**ASSIGNMENT:**
All lines from the one containing "Madonna with the" through the final line of the listing below, and no others, must be returned exactly; no pictures belong in the copy.

• • • •

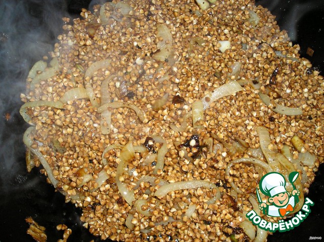 Промываем чашечку гречки (у меня - 200-граммовая) и отправляем к луку. Минутки две обжариваем.
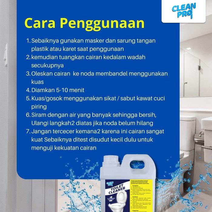 Hilangkan kerak, jamur, dan noda membandel di kamar mandi dengan mudah! Cleanpro Toilet Cleaner adalah cairan pembersih serbaguna yang sangat ampuh, dirancang khusus untuk mengatasi kotoran paling keras sekalipun tanpa perlu disikat. Dengan formula khusus, produk ini bekerja cepat dan tidak merusak warna atau nat keramik asli Anda.
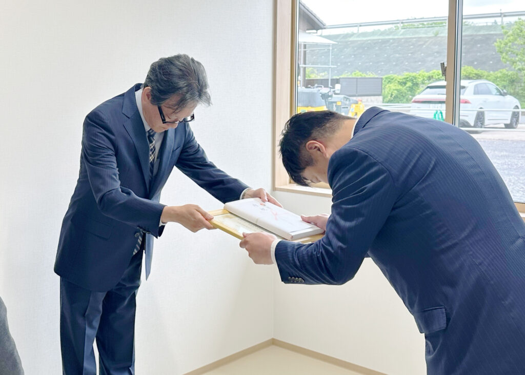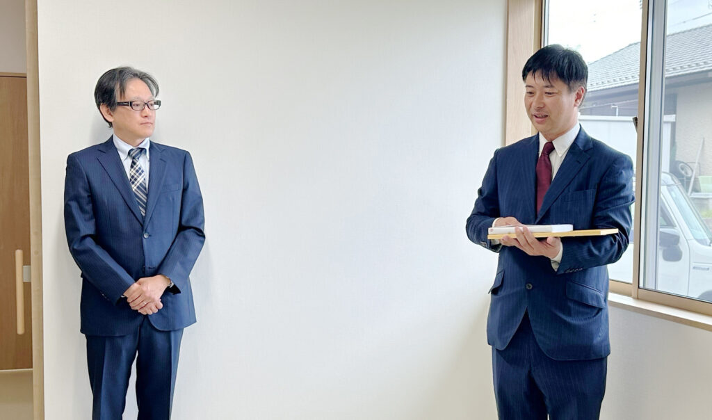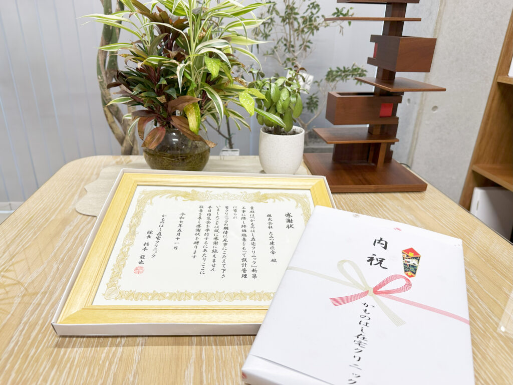 式典では院長の橋本先生より、当社代表・多々納へ感謝状とともにありがたいお言葉を頂戴いたしました。多々納からも、今回のご依頼に対する感謝の気持ちと、地域医療への期待を込めてご挨拶をさせていただきました。
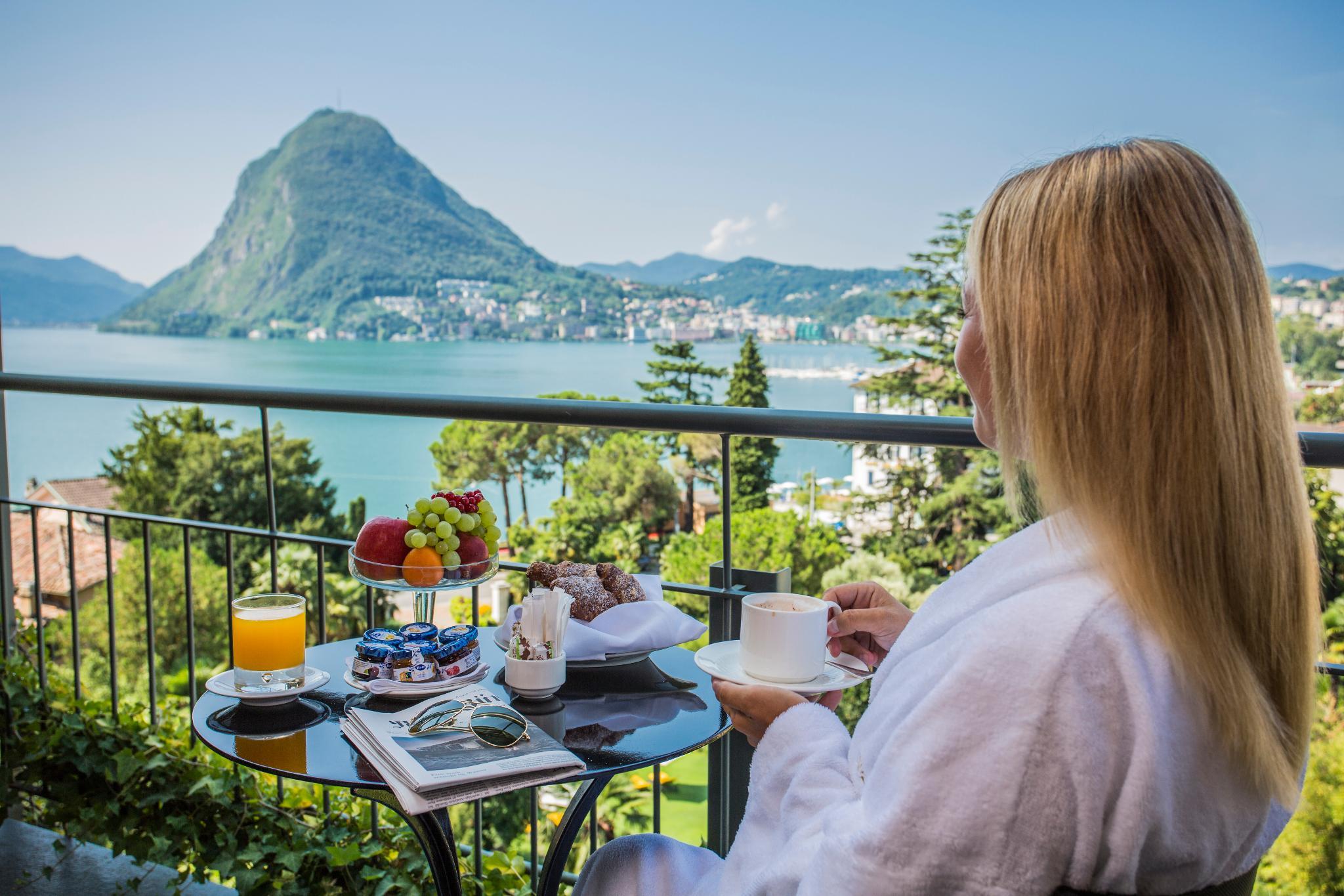 This beautifully decorated Hotel is located in Lugano and enjoys a privileged position inside a large sub-tropical park, with a beautiful view towards the lake. The elegant villa, built in 1880, combines the charm of a bygone era with the comfort and the care of a modern luxury hotel. The complex, originally built for the Von Ritter, a noble Russian family, was bought, in 1885, by a young Swiss couple of the Schnyder von Wartensee family. They transformed it into a hotel and the family owned it up to 1982, when it was sold to a local family. A total redecoration was then started by the new owners to return the building to its original beauty and provide the highest standards of comfort. The menu stands out for sweetwater and sea food specialties, light and innovative Mediterranean cuisine in cosy and informal settings. There are conference and meetings rooms. A wellness area with indoor pool and gym. Every detail is taken care of, to make guests feel welcomed into this "private home". The hotel offers rooms, of exceptional charm, individually styled, with stunning park and/or lake views, balcony, terrace or loggia.
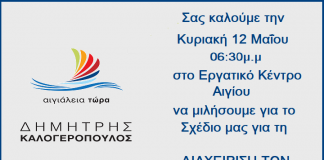 Πρόσκληση σε ημερίδα για τα απορρίμματα από την παράταξη “ΑΙΓΙΑΛΕΙΑ ΤΩΡΑ”
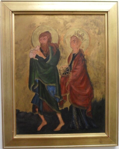 Madonna with the pope and bishop, oil - Painter: Hilde Reiser - 67x53,5 cm
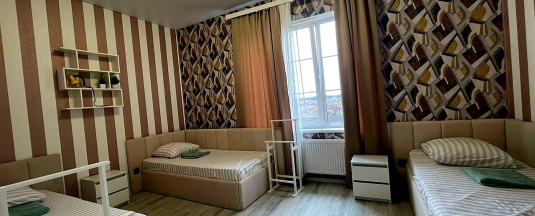 Койко-место в трёх местном номере с современным ремонтом,с общим душем. В вашем пользовании гостиная и кухня, есть вся необходимая бытовая техника (стиральная машинка, холодильник,плита). Особым преимуществом является наличие большой террасы, выход на которую осуществляется из гостиной.
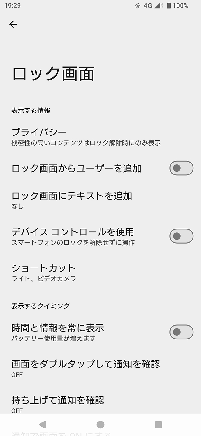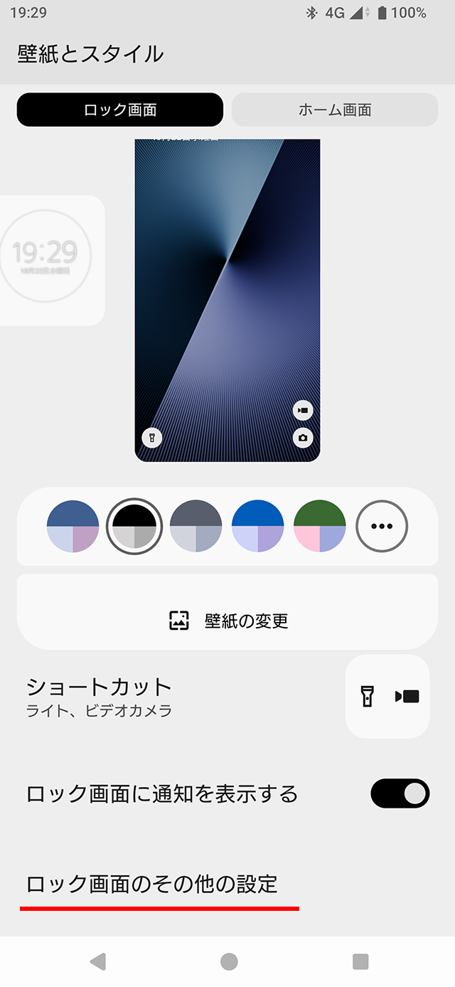 ホーム画面の何も表示されていないところを長押しして、[壁紙とスタイル] > [ロック画面] > [ロック画面のその他の設定]をタップする。

• • • •

**SOLUTION TO THIS EXERCISE:**
 Madonna with the pope and bishop, oil - Painter: Hilde Reiser - 67x53,5 cm
 Койко-место в трёх местном номере с современным ремонтом,с общим душем. В вашем пользовании гостиная и кухня, есть вся необходимая бытовая техника (стиральная машинка, холодильник,плита). Особым преимуществом является наличие большой террасы, выход на которую осуществляется из гостиной.
 ホーム画面の何も表示されていないところを長押しして、[壁紙とスタイル] > [ロック画面] > [ロック画面のその他の設定]をタップする。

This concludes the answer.